Task objective
An exact copy of all the data is needed, with every picture left out.

Provided data
--*--

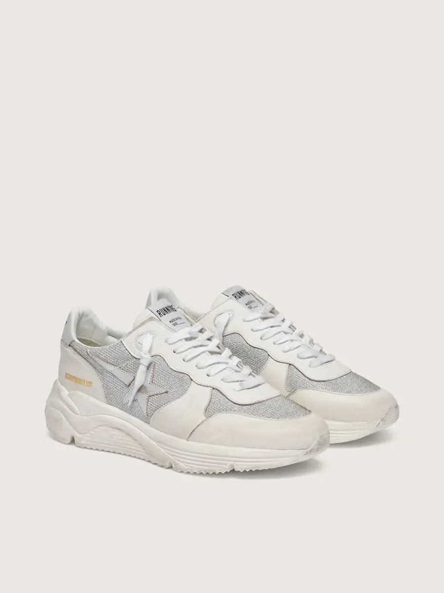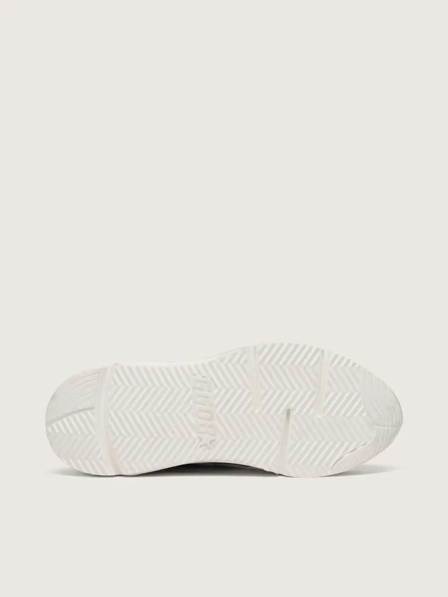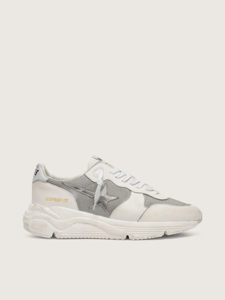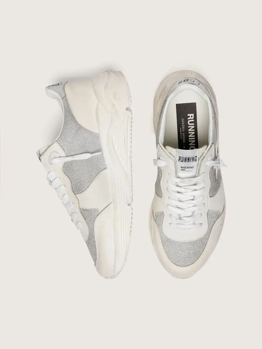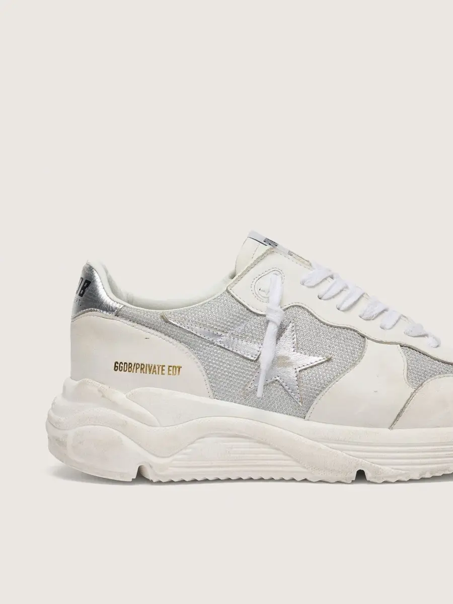 El estilo urbano y el espíritu artesanal se combinan en nuestras zapatillas Running Sole: la compañera ideal para tus aventuras metropolitanas. Este modelo para mujer presenta una parte superior de malla blanca y nubuck, acentuada por una estrella y una lengüeta en el talón de piel metalizada plateada. Los cordones de color blanco óptico añaden el toque final.
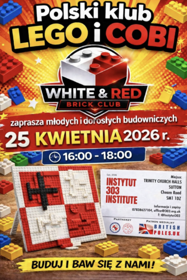 Instytut 303 (303 Polish Association CIC) zaprasza na kolejne spotkanie WHITE & RED BRICK CLUB, czyli Polskiego Klubu Miłośników Klocków LEGO i COBI. Wydarzenie odbędzie się we wtorek, 7 kwietnia w godzinach 15:00 – 17:00 w południowym Londynie, w dzielnicy Sutton w budynku Trinity Church, i skierowane jest zarówno do dzieci, jak i dorosłych.
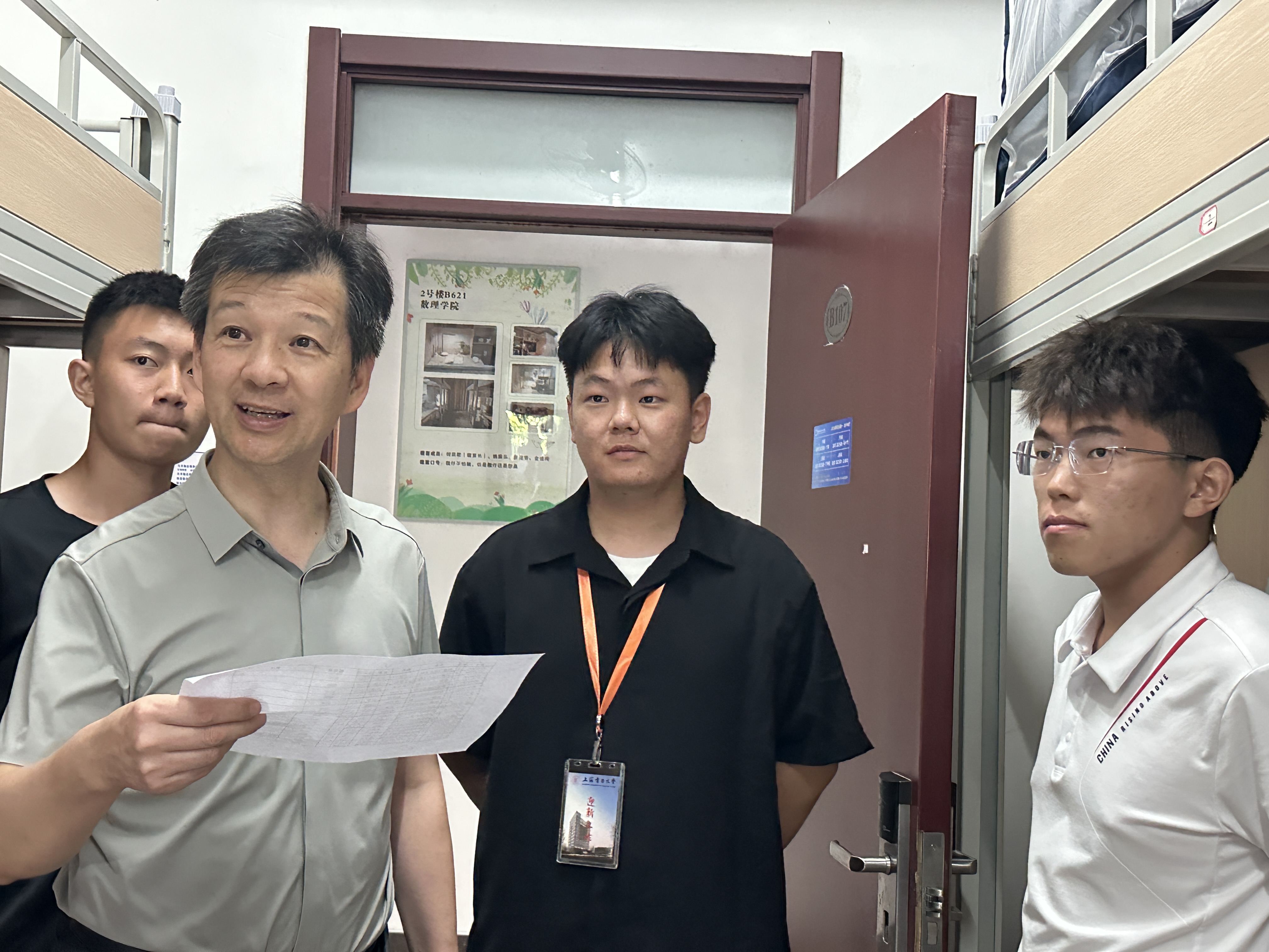 报到日下午,学院党政领导班子与辅导员一同深入新生宿舍,亲切看望刚刚安顿下来的新同学。走访中,院领导与新生及家长进行了亲切交流,细致询问同学们的生源地、入学感受及生活适应情况,耐心解答大家关心的问题,并勉励同学们要尽快转变角色,适应新环境,做好学业规划,互相关心、共同进步。亲切的问候与真诚的关怀让新生们深切感受到了365英国上市官网大家庭的温暖。

--*--

Reply to the task
 El estilo urbano y el espíritu artesanal se combinan en nuestras zapatillas Running Sole: la compañera ideal para tus aventuras metropolitanas. Este modelo para mujer presenta una parte superior de malla blanca y nubuck, acentuada por una estrella y una lengüeta en el talón de piel metalizada plateada. Los cordones de color blanco óptico añaden el toque final.
 Instytut 303 (303 Polish Association CIC) zaprasza na kolejne spotkanie WHITE & RED BRICK CLUB, czyli Polskiego Klubu Miłośników Klocków LEGO i COBI. Wydarzenie odbędzie się we wtorek, 7 kwietnia w godzinach 15:00 – 17:00 w południowym Londynie, w dzielnicy Sutton w budynku Trinity Church, i skierowane jest zarówno do dzieci, jak i dorosłych.
 报到日下午,学院党政领导班子与辅导员一同深入新生宿舍,亲切看望刚刚安顿下来的新同学。走访中,院领导与新生及家长进行了亲切交流,细致询问同学们的生源地、入学感受及生活适应情况,耐心解答大家关心的问题,并勉励同学们要尽快转变角色,适应新环境,做好学业规划,互相关心、共同进步。亲切的问候与真诚的关怀让新生们深切感受到了365英国上市官网大家庭的温暖。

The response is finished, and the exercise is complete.